■ **Assignment**: Each entry is to be retyped exactly as it appears. Leave the images out.

■ **Task input**:
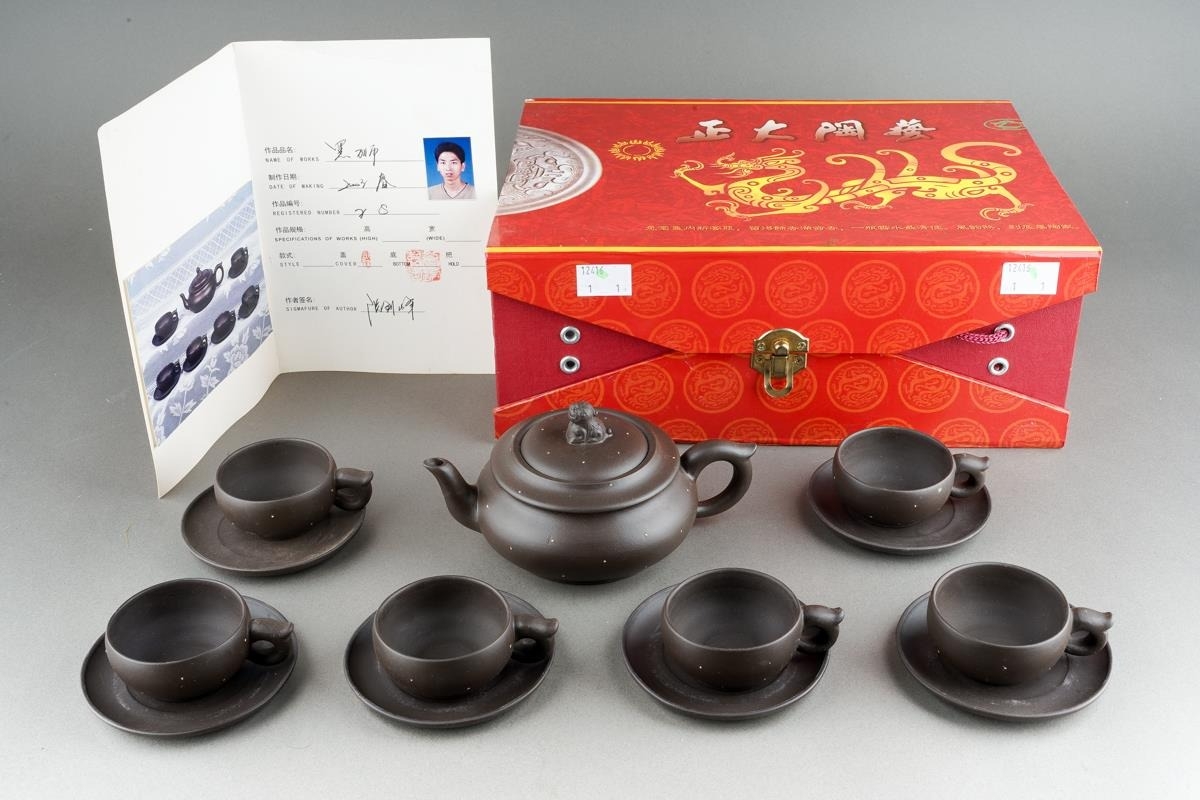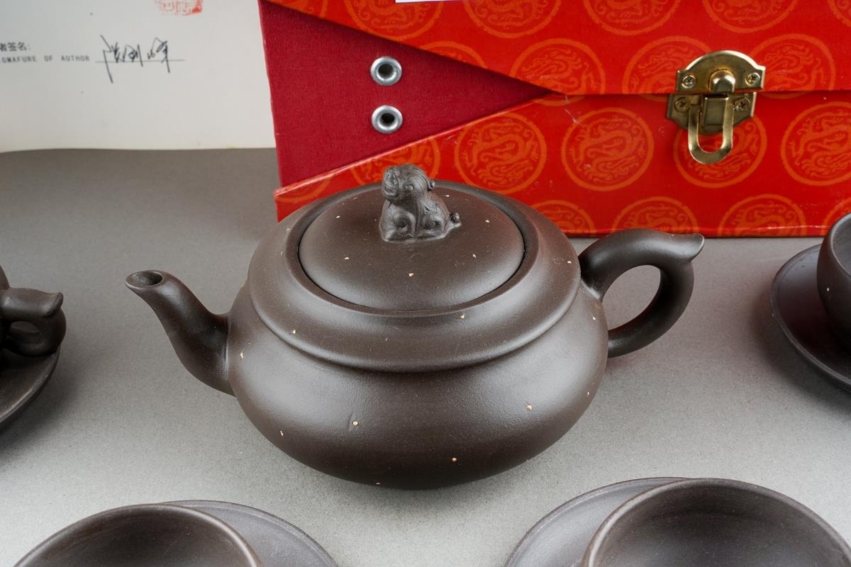 A Modern Chinese Terracotta tea set, boxed with certificate [1]
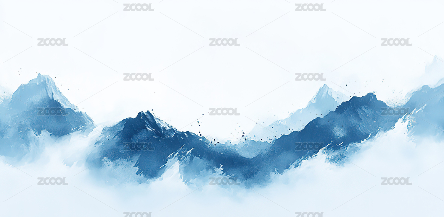 水墨风格蓝色山水画
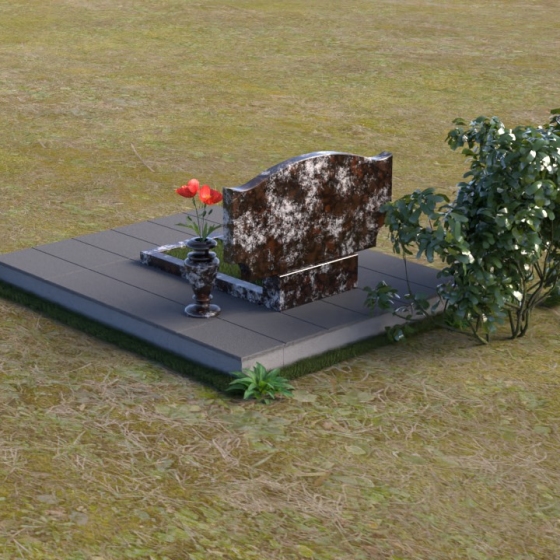 Этот гранитный монумент привлекает внимание своей плавной, обтекаемой формой. Верхняя часть надгробного сооружения представляет собой дугу с легким изгибом, напоминающим колыбель или волну, бережно укрывающую покой. Боковые грани скруглены, что придает памятнику мягкость и умиротворенность. Фаска, аккуратно снятая по периметру, подчеркивает четкость линий и добавляет изделию изысканности. Нижняя часть монумента выполнена в форме прямоугольника, создавая устойчивое основание и визуальный баланс. Дополнительная горизонтальная плита, расположенная на основании, добавляет композиции завершенность и предоставляет место для нанесения эпитафий или размещения цветов.
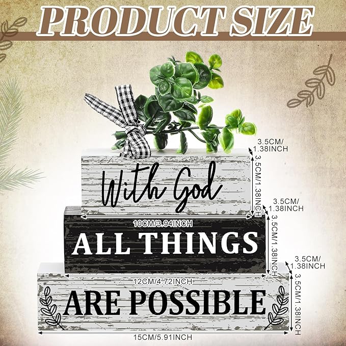 - Suitable Sizes for Ideal Placement: the wooden table decors come in 4 different sizes; The christian signs measures 3.62 x 2.09 inches, while the standing blocks measure 3.94 x 1.38 inches, 4.72 x 1.38 inches, and 5.91 x 1.38 inches; Whether you place rustic table decors on your dining table, layered tray, or mantelpiece, they are ensured to catch anyone's eye quickly
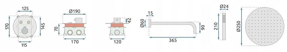 Lukafurniture.eu » Bathroom & Toilet / Showers a accessories / Concealed Shower Set with Thermostat LUNGO Brushed Copper + BOX
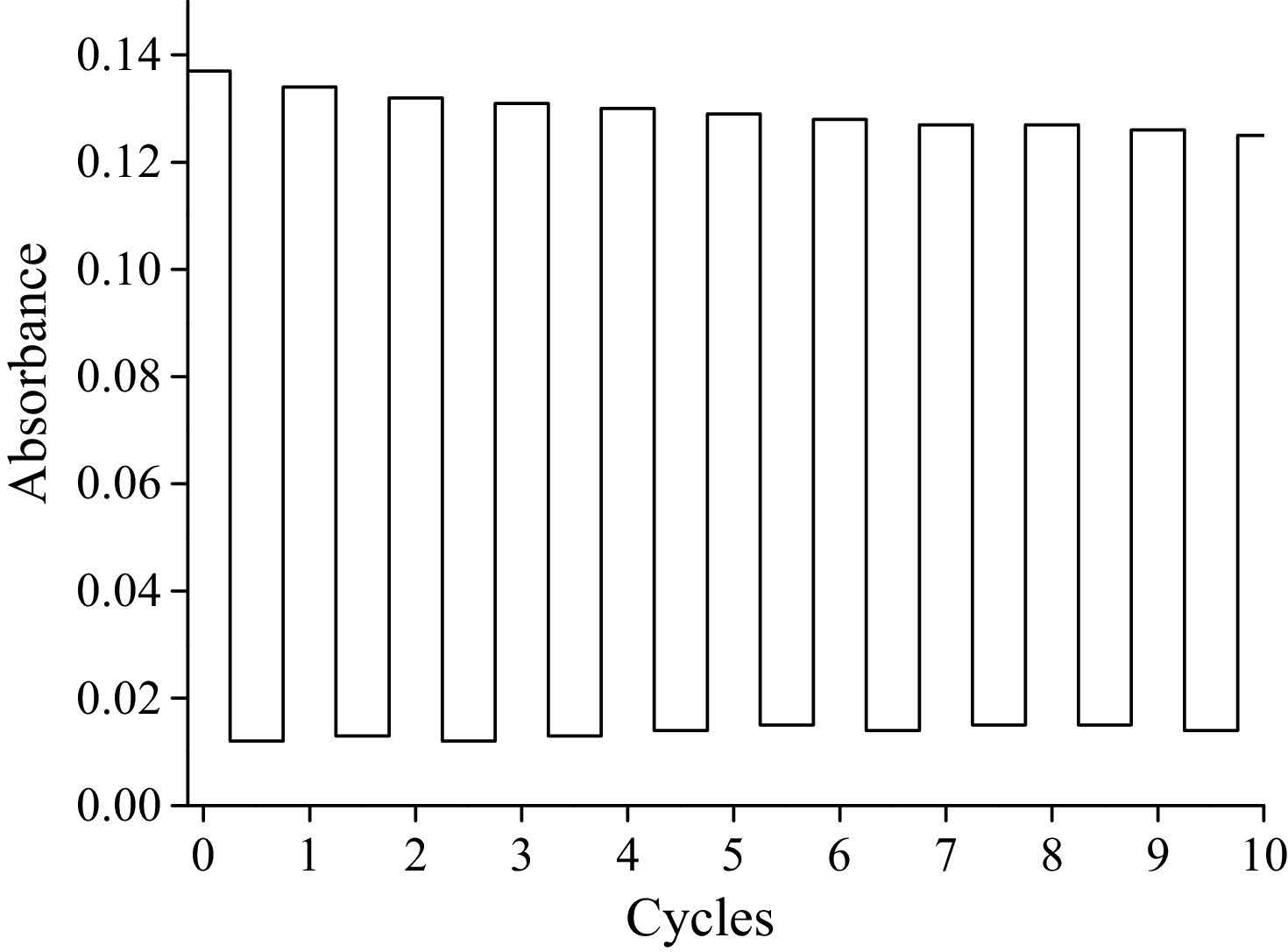图 2 Photocycling of the FUL-TPP in solution of CH2Cl2. The absorbance at l = 667 nm measured for 5 s after each switching operation are shown: after UV irradiation for 2 min (high value) and after visible light irradiation for 20 min (low value).Figure 2. Photocycling of the FUL-TPP in solution of CH2Cl2. The absorbance at l = 667 nm measured for 5 s after each switching operation are shown: after UV irradiation for 2 min (high value) and after visible light irradiation for 20 min (low value).图 1

■ **Written answer**:
 A Modern Chinese Terracotta tea set, boxed with certificate [1]
 水墨风格蓝色山水画
 Этот гранитный монумент привлекает внимание своей плавной, обтекаемой формой. Верхняя часть надгробного сооружения представляет собой дугу с легким изгибом, напоминающим колыбель или волну, бережно укрывающую покой. Боковые грани скруглены, что придает памятнику мягкость и умиротворенность. Фаска, аккуратно снятая по периметру, подчеркивает четкость линий и добавляет изделию изысканности. Нижняя часть монумента выполнена в форме прямоугольника, создавая устойчивое основание и визуальный баланс. Дополнительная горизонтальная плита, расположенная на основании, добавляет композиции завершенность и предоставляет место для нанесения эпитафий или размещения цветов.
 - Suitable Sizes for Ideal Placement: the wooden table decors come in 4 different sizes; The christian signs measures 3.62 x 2.09 inches, while the standing blocks measure 3.94 x 1.38 inches, 4.72 x 1.38 inches, and 5.91 x 1.38 inches; Whether you place rustic table decors on your dining table, layered tray, or mantelpiece, they are ensured to catch anyone's eye quickly
 Lukafurniture.eu » Bathroom & Toilet / Showers a accessories / Concealed Shower Set with Thermostat LUNGO Brushed Copper + BOX
图 2 Photocycling of the FUL-TPP in solution of CH2Cl2. The absorbance at l = 667 nm measured for 5 s after each switching operation are shown: after UV irradiation for 2 min (high value) and after visible light irradiation for 20 min (low value).Figure 2. Photocycling of the FUL-TPP in solution of CH2Cl2. The absorbance at l = 667 nm measured for 5 s after each switching operation are shown: after UV irradiation for 2 min (high value) and after visible light irradiation for 20 min (low value).图 1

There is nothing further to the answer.